Свет на ней клином сошелся и голова кругом — она, только она…
— Нет у меня дома, — отстранилась.
Дурак, не мог обходительнее?
— Как нет?
— Надя еще осенью сорок первого погибла. Игорь… Тоже. Позже. Была я дома. Госпиталь под Москвой стоит. Ездила. Ничего нет. Пустая квартира. Полностью пустая. Не могу я туда. Тошно.
— Хорошо, — лицо ладонями обхватил. — Ко мне уезжай, к сестре, Вале. Она знает о тебе, я писал. Будете меня с ней ждать…

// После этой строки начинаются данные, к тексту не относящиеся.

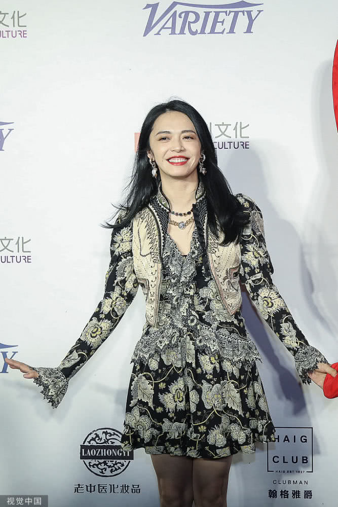 女演员姚晨亮相,穿黑白泡泡袖印花连衣裙,戴项链优雅迷人

— Ты не понял, Коля, — отодвинулась совсем. — Не уеду я. Пока хоть один фашист на моей земле ходит, пока хоть один фриц еще жив — не уйду и не уеду, — заявила твердо, неожиданно жестко и безапелляционно. — Счет у меня к ним, огромный счет, Коля.
— Как у всех. Я за тебя его оплачу.
— Нет. Это мой личный счет, — развернулась, в блиндаж пошла.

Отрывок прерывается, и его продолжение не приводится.